En Esur was carefully planned, with residential and public areas, silos for food storage and a network of streets that had been covered with stone and plaster for protection during the rainy season, reports Ariel David of Haaretz. The city was protected by a fortification wall, and a cemetery sat outside the city boundaries. Pottery found at the site came from as far afield as Egypt and the Jordan Valley, indicating the En Esur was involved in trade.
“You really have the complete package of early urbanized settlements,” IAA archaeologist Itai Elad tells David.
Among the most impressive discoveries made at the site was a monumental structure that may have functioned as a temple. Outside the building, archaeologists found two huge basins, made from stones that weighed as much as 15 tons. The nearest quarry is located half a mile away, demonstrating the effort that was expended in building the city.
An estimated 6,000 people lived in En Esur, which spanned some 160 acres. That is not particularly large compared to the cities that were forming in Egypt and Mesopotamia at the time, but it is unusually big for the Southern Levant. En Esur, for instance, was more than 10 times larger than Jericho, one of the region’s famed ancient cities, Paz tells David.
“There is no doubt that this site dramatically changes what we know about the character of the period and the beginning of urbanization in Israel,” the IAA said in a statement, per the BBC, also noting that En Esur was “the Early Bronze Age New York of our region: a cosmopolitan and planned city where thousands of inhabitants lived.”

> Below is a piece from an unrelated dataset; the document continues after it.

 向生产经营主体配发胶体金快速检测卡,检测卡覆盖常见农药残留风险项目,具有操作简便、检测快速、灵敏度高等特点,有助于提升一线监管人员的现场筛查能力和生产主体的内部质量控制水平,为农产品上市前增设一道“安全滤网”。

The city is also compelling to archaeologists because it sits atop an even older settlement, one that dates back 7,000 years to the Chalcolithic period, which came between the Neolithic and Bronze Ages. Experts are reluctant to label this early settlement a city, but it did show signs of advanced development: monumental buildings, public and private spaces, and a burial site with graves of varying size and quality—suggesting social stratification.
“The rise of urbanization is an issue that must constantly be re-discussed,” Paz tells David. “We used to think that urbanization starts somewhere in the late fourth millennium but maybe it started earlier.”

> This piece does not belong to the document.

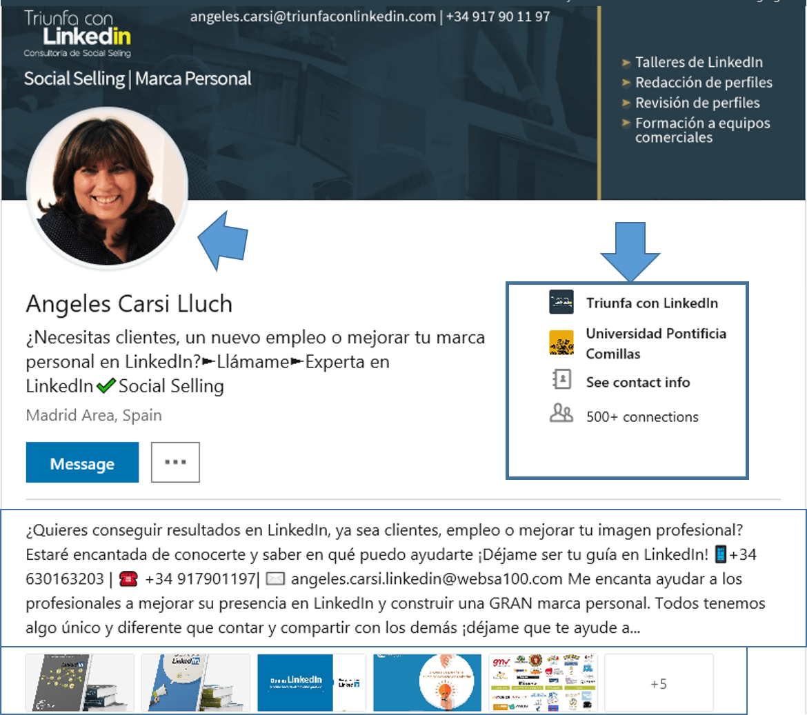 - Aparecen las miniaturas de los elementos multimedia que hayas añadido al extracto. Hasta 6. Esto es realmente muy importante porque son muy visuales y atraen la atención. Para mí, esto también podría ser un estímulo para ver el resto del extracto y de tu perfil LinkedIn. Recuerda que LinkedIn te permite añadir presentaciones, fotos, enlaces a sitios web, enlaces a vídeos, vídeos, etc..

En Esur will be open for public tours on October 15 and 16, but officials intend to proceed with the planned road construction; as Borschel-Dan explains, “This area of the country suffers from a marked lack of modern transportation infrastructure.” According to Gwen Ackerman of Bloomberg, the new interchange will be built high over the ruins, but the site will have to be re-covered.
“The country is small and crowded,” IAA archaeologist Dina Shalem tells Borschel-Dan. “We have many archaeological sites and also a growing population. We need to find balance.”
The artifacts and architectural structures at En Esur have been photographed and converted to 3D images using specialized computer software, which will allow archaeologists to continue studying the site and the context in which its relics were discovered.
“[E]ven years later,” Elad says in an interview with Borschel-Dan, “we can look at how things were when we found them.”